Syaikh Abdurrahman bin Hasan berkata dalam fath Al Majid, " wajib bagi setiap mukallaf apabila telah sampai kepadanya dalil Al-Quran dan As-sunnah dan memahami maknanya untuk tunduk dan beramal dengannya. meskipun orang lain menyelisihnya. 1 ... Maka wajib bagi seseorang yang mau menasihati dirinya, jika dia membaca buku-buku para ulama dan menelitinya serta mengetahui perkataan mereka, untuk menjelaskan pendapat mereka berdasarkan Al-Quran dan Sunnah Rasul-Nya. Sesungguhnya setiap mujtahid dari kalangan ulama dan para pengikut mereka ataupun yang mengikuti mazhab mereka, harus menyebutkan dalil dalam pendapat mereka. karena kebenaran pada suatu persoalan hanyalah satu, sedang para mujtahid mendapatkan pahala karena ijtihad mereka. Maka sikap yang adil dan pertengahan adalah melihat pendapat mereka dan menelitinya sebagai wasilah untuk mengetahui permasalahan secara logis, untuk memisahkan yang benar dari yang salah berdasarkan dalil yang disampaikan oleh para ulama. sehingga akan mengetahui siapa ulama yang lebih kuat dalilnya, baru kemudian diikuti. 2
syaikh Abdurrahman bin Hasan berkata tentang ayat:
" Dan jika kamu menuruti mereka, sesungguhnya kamu tentulah menjadi orang-orang yang musyrik." (Al-an'am [6]: 121)
" Hal ini banyak terjadi pada sebagian banyak manusia bersama orang-orang yang mereka taklidi. mereka tidak mau mengambil dari pelajaran dari dalil ini, jika ulama yang mereka ikuti menyelisihinya . Hal ini merupakan kesyirikan. 3 Ada juga diantara mereka yang yang berlebih-lebihan, mereka meyakini bahwa makruh atau haram, sehingga fitnah akan semakin besar. mereka juga mengatakan bahwa para ulama yang mereka ikuti itu lebih mengetahui dalil dari pada mereka. " 4
Syaikh Abdullah bin Abdurrahman Abu Bathin berkata "Apabila seseorang telah mengetahui kebenaran, jangan merasa kesepian dengan sedikitnya orang yang sependapat dengannya, dan banyaknya orang yang menyelisihnya, apalagi akhir zaman seperti sekarang ini. pendapat orang bodoh mengatakan seandainya ini benar pasti diketahui oleh si fulan dan si fulan', 5 ini adalah dakwaan orang-orang kafir. sebagaimana perkataan mereka dalam Al-Quran
"Kalau sekiranya dia (Al-Quran) adalah suatu yang baik, tentulah mereka tiada mendahului kami (beriman) kepadanya." (Al-Ahqaf [46]: 11)

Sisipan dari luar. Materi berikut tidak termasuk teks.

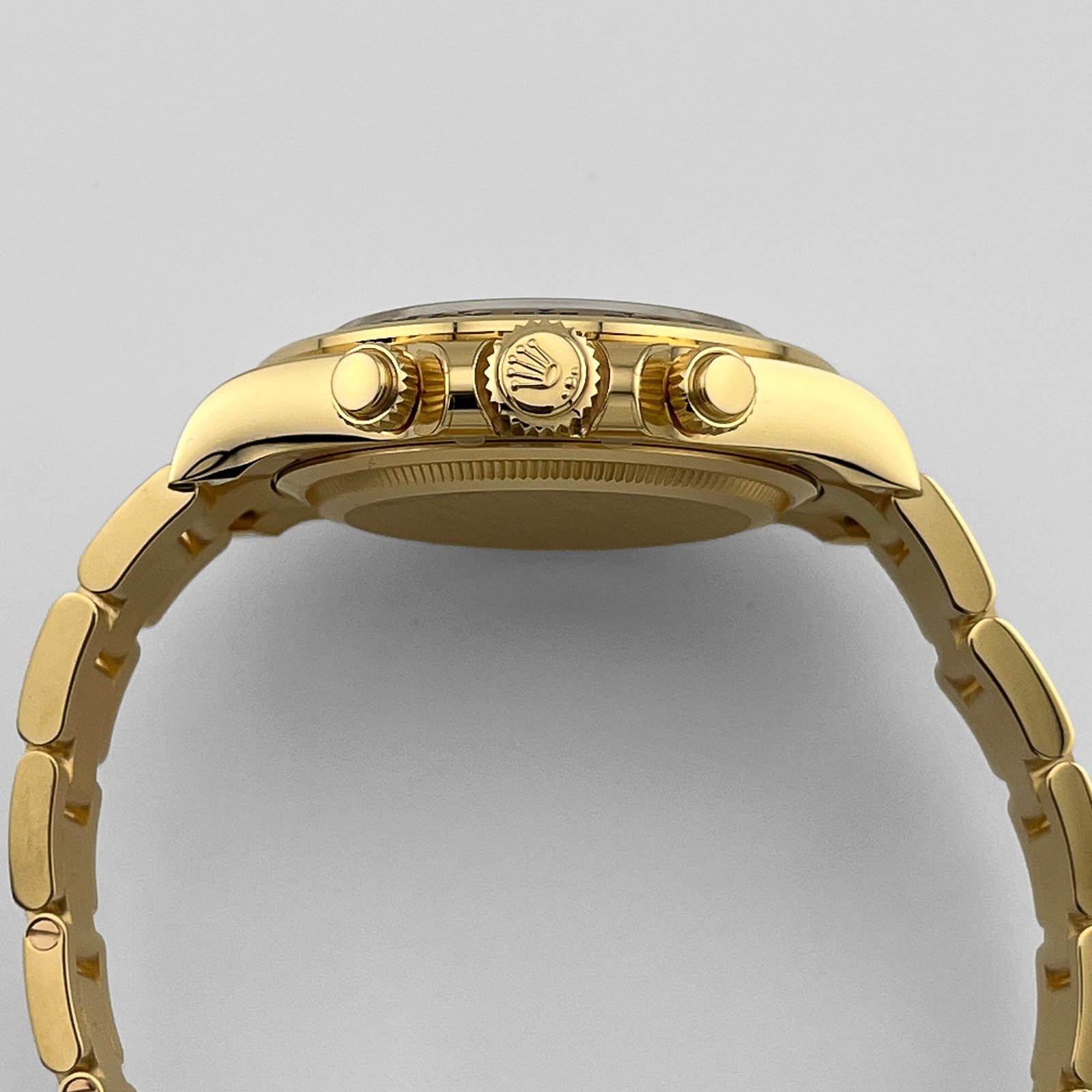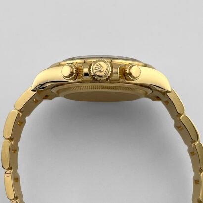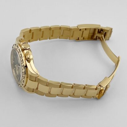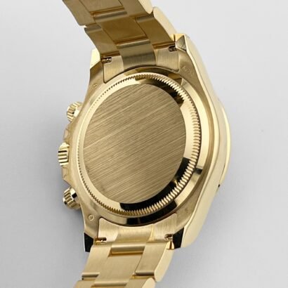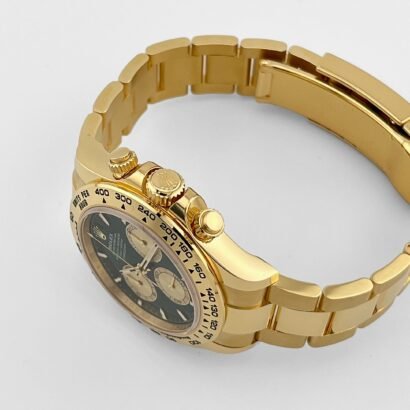 The fixed yellow gold bezel features the engraved tachymeter scale, a defining hallmark of the Daytona’s motorsport heritage. The pushers and crown are screw-down, contributing to the watch’s robust 100-meter water resistance while preserving the sleek profile of the case.

Allah Subhanahu Wa Ta'ala Berfirman:
"Orang-orang semacam inikah diantara kita yang diberi anugerah oleh Allah kepada mereka. (Al-An'am [6]: 53)
Ali Radhiyallahu ’anhu pernah berkata, "ketahuilah kebenaran maka kamu akan mangetahui siapa pembawa kebenaran itu". adapaun orang-orang yang bingung dan tidak jelas, maka seluruh syubhat akan mengelilinginya. kalau seandainya mayoritas manusia hari ini berada di atas kebenaran, islam tidak menjadi asing. Demi Allah, hari ini islam betul-betul dalam keadaan terasing. ketika Ibnul Qayyim rahimullah menyebutkan macam-macam syirik dan kemunculannya beliau berkata, "betapa sedikitnya orang yang selamat dari syubhat ini, bahkan sedikitnya orang yang tidak memusuhui orang yang mengingkarinya. perkataan ini terlontar pada zaman beliau, padahal tidaklah berganti tahun melainkan tahun setelahnya lebih buruk dari tahun sebelumnya, sebagaimana yang telah disabdakan oleh nabi Shallallahu ‘alaihi wa sallam". 6
____________________________________________________________________
1. Beliau menyatakan, yang terpenting adalah mengikuti dalil
2. Fath Al-Majid: 387-388
3. Syirik besar, yaitu syirik ketaatan, maka saya ingatkan kepada kalian, bahwa meninggalkan
dalil karena pendapat seseorang mengakibatkan kamu jatuh kepada syirik ini
4. Fath Al-Majid: 391
5. Hati-hatilah kamu dari pendapat yang sesat ini, yang banyak dilakukan oleh banyak pemuda
islam. Apabila mereka diberi nasihat dan dijelaskan berdasarkan dalil kitab dan sunnah
mereka akan berkata, " ini memang benar, akan tetapi kenapa ulama itu tidak mengetahui."
ini adalah alasan yang sangat berbahaya, saya tahu ini adalah dakwaan orang-orang kafir,
sebagaimana yang dijelaskan oleh syaikh.